[Text by Jan van der Weel and Frans Goddijn]
The Sanremo “Opera” machine development used the input of an international array of baristas like John Gordon (New Zealand), Serif Basaran (Turkey), Sasa Sestic (Australia) and even Torpong Tantraporn from Thailand.
This “dream machine” is new to The Netherlands so Maarten Meijer of Sanremo Netherlands invited us to come and have a closer look.
The aim in building this model was to use from-scratch design and smart engineering for consistency and a maximum of flexibility in selecting brew ratios and pressure profiles within a range of temperatures. A modern good looking machine to deliver the best coffee as easy as possible.
We were joined by Best Barista Award winner Wouter Andeweg and Viola Lüdemann from Bocca cafe and roastery.
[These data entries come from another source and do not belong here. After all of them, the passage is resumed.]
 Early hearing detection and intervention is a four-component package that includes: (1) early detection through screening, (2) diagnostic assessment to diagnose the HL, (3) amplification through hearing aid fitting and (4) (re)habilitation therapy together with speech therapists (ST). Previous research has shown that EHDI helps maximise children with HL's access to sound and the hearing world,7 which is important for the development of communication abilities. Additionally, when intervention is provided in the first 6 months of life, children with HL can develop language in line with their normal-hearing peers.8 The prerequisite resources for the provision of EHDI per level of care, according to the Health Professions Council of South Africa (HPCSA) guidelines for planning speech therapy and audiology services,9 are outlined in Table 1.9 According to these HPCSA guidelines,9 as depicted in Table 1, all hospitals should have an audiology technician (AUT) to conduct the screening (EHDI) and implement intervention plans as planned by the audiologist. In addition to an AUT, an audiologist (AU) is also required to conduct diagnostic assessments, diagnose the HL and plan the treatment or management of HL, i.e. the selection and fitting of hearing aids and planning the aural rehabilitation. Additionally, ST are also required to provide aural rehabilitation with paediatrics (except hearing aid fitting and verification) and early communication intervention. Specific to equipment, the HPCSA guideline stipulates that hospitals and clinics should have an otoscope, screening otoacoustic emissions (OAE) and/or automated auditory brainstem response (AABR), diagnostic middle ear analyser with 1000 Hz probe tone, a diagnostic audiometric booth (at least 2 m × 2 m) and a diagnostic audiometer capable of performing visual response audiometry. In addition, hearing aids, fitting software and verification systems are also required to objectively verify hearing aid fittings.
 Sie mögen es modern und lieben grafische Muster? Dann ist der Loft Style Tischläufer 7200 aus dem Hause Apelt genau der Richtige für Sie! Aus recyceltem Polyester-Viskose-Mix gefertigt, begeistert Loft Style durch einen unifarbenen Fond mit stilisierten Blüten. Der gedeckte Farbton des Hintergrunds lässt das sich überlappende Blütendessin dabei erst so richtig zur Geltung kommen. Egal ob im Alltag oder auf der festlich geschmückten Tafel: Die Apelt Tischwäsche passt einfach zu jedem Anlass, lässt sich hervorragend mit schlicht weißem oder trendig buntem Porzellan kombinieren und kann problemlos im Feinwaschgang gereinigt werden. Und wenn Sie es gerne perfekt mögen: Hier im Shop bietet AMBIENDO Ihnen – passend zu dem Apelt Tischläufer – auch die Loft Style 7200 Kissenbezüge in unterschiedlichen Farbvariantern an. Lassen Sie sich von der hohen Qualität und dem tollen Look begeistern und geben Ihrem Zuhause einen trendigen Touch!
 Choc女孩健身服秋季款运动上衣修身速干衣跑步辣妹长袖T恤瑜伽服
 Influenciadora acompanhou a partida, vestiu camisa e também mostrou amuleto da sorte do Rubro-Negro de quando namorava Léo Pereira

Early sketch by Sanremo, from a booklet about the “Opera”
Opera ambitions are:
The heating system has been designed different than most current PID dual boiler systems. The brew boiler is not “cold fed” into the HX and then into the group, but water out of the HX’s enters a small heavy brew boiler on every group before going into the brew part of the massive group body, resulting in a claim of 0.2ºC precision.
An espresso brewers’ toolbox
The Opera comes with a Bluetooth tablet Android app to load and edit espresso recipes. Volume, duration and pressure of the pre-infusion, brew and post-infusion phases can be set. Each of the three brew heads can store and execute 6 unique pre-programmed espresso recipes.
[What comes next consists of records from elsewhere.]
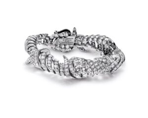 O capítulo Anchor reimagina o broche de rubi, ametista e safira rosa de Jean Schlumberger de 1939, um símbolo de força e simetria. O novo pingente, anel e pulseira — cada um centrado em diamantes cushion-cut — definem a coleção com sua geometria atemporal. O pingente Anchor em platina e ouro 18k apresenta um diamante de mais de 2 quilates; o anel, um diamante de mais de 5 quilates; e a pulseira, um diamante de 1 quilate — todos adornados com acentos de diamante que conferem luminosidade a cada peça.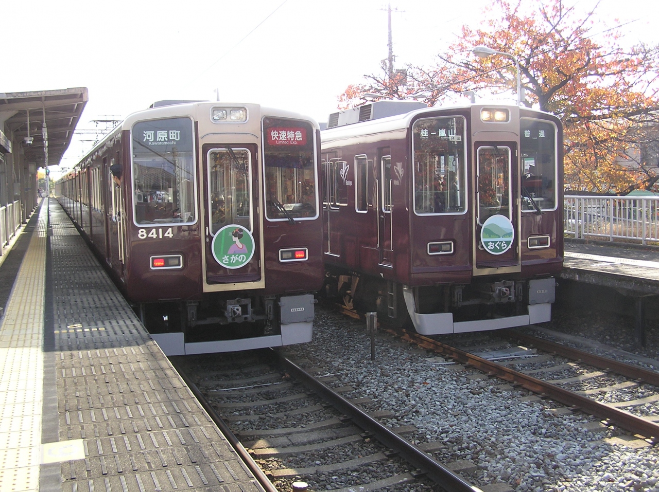 阪急梅田駅、高速神戸駅、宝塚(阪急)駅、天下茶屋駅、河原町駅の各駅から、阪急嵐山駅へ直通列車が運転されていた。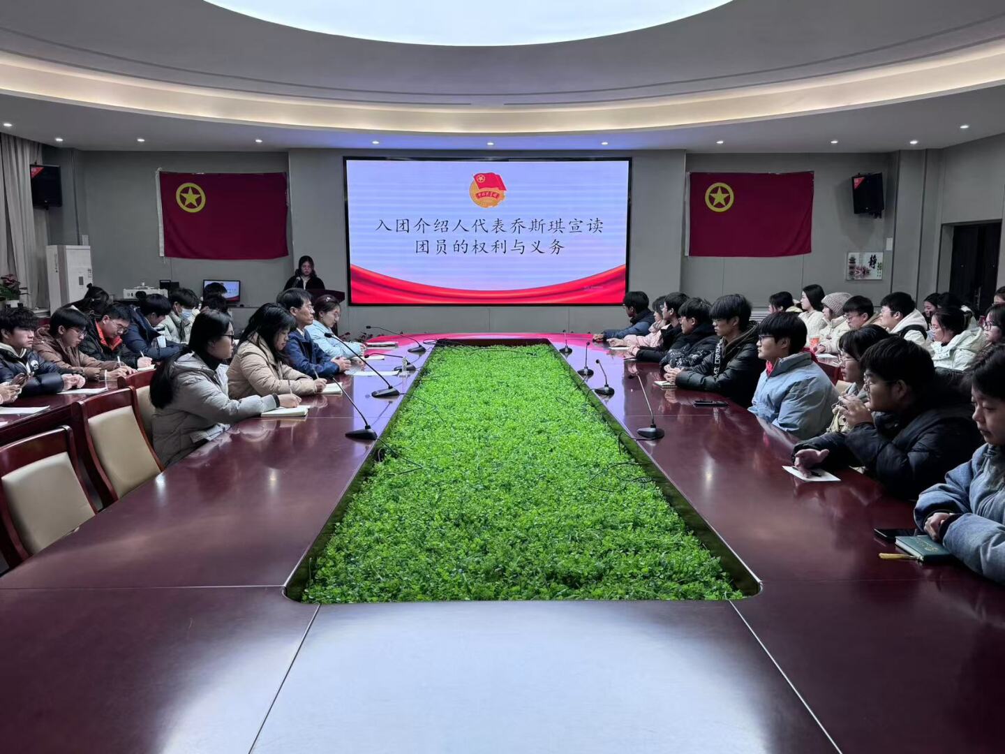 为响应团员发展工作要求,激发新团员光荣感和自豪感,增强新团员对团组织的认同感和归属感,1219日下午,红杏视频 团委在院楼101会议室举行红杏视频 2024年发展新团员第二期入团仪式。红杏视频 团委书记丰习才、2024年第二期新团员、团委综合办公室全体成员参加会议,会议由秘书处石芳溪主持。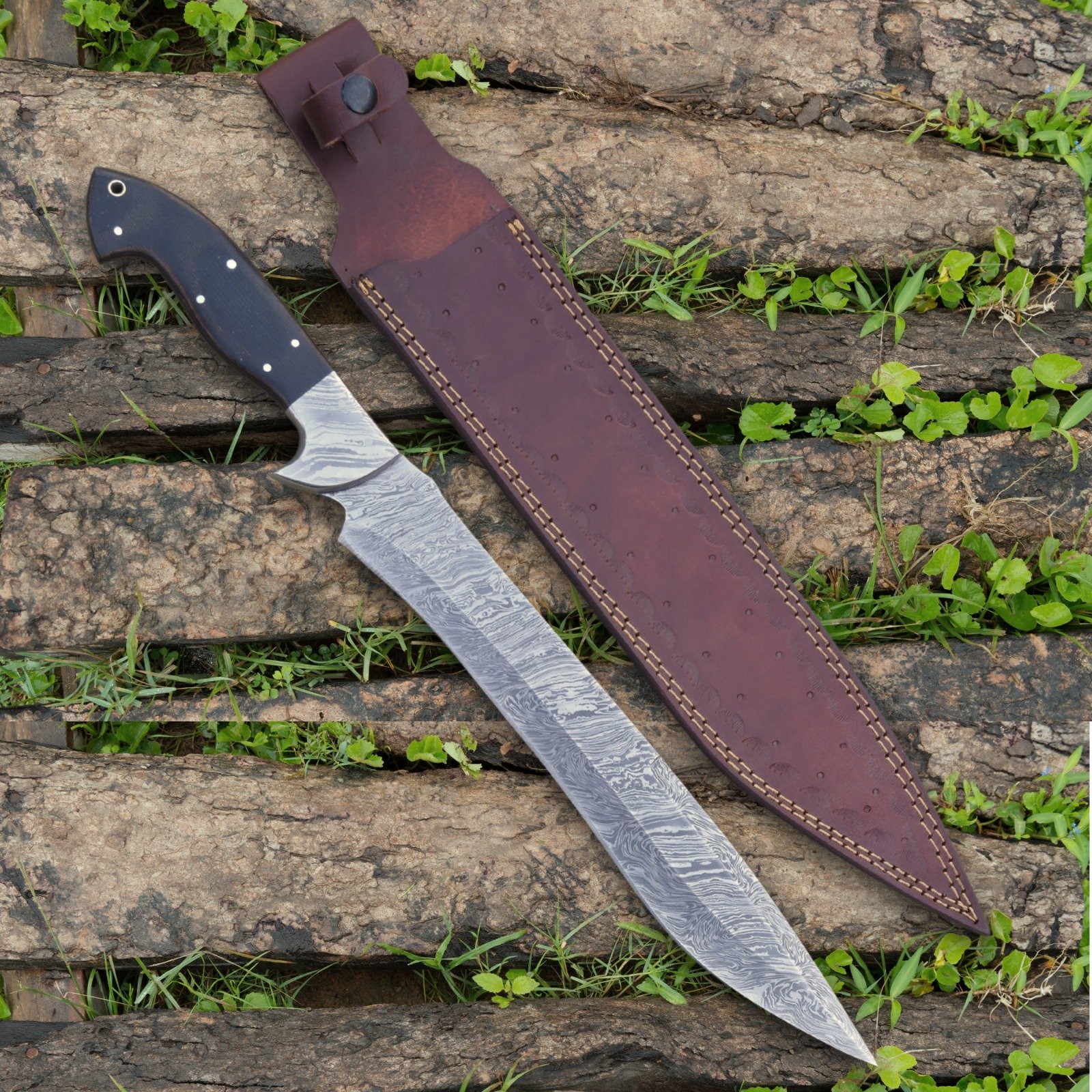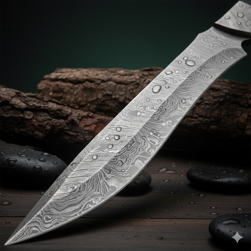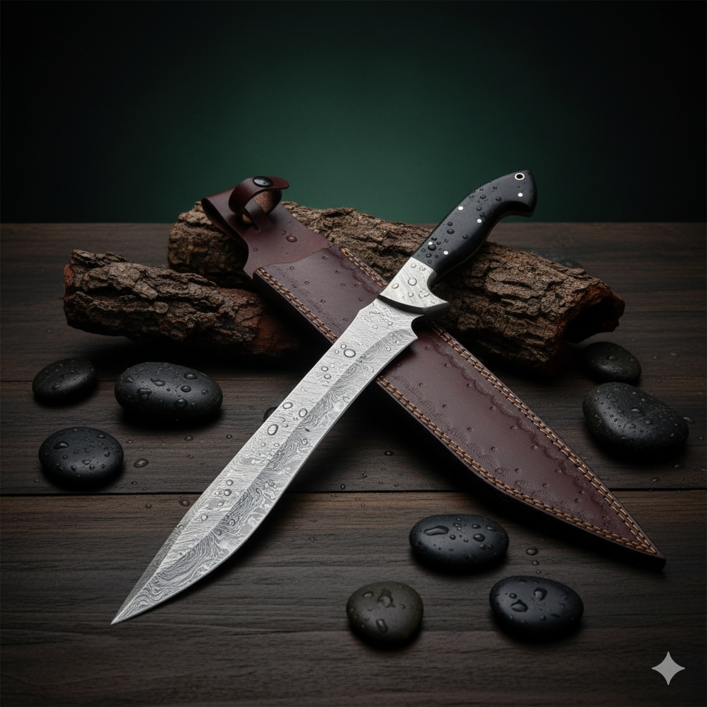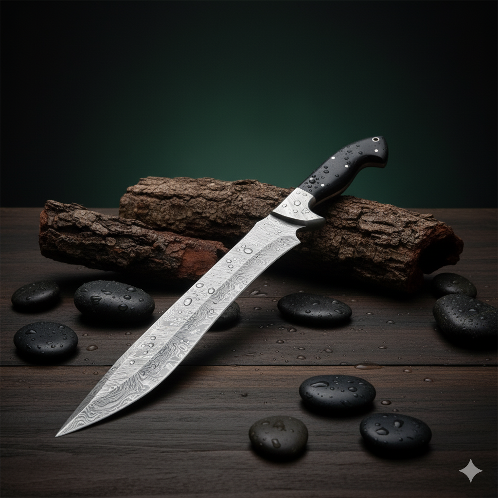 Formidable Hand-Forged Damascus Steel Blade: At the core of this powerhouse is an imposing, meticulously hand-forged Damascus steel blade. Crafted from alternating layers of high-carbon (1095) and low-carbon (15N20) steels, it undergoes a time-honored process of heating, folding, and hammering. This creates a mesmerizing and unique Damascus pattern (e.g., ladder, twist, random) that is both visually stunning and inherently functional. The blade boasts exceptional strength, flexibility, and a razor-sharp edge with superior retention, making it ideal for chopping, clearing, and heavy-duty cutting tasks.

Volumetrics and gravimetrics
Sanremo has improved their volumetrics design by placing the volumetric control device closer to the brew head. Also gravimetrics (brewing by espresso weight) will be incorporated in the Opera in cooperation with Acaia scales.
(video by Frans Goddijn)
Maarten Meijer will host an event, most likely in April, for baristas to try out the new system “hands on” and provide feedback for further development. If you want to attend, shoot Maarten an e-mail and he will update you as soon as a date has been set.
We edited a short clip out of several hours of material, leaving out many technical details to be able to show a general impression of the engineering architecture of the current Sanremo machines.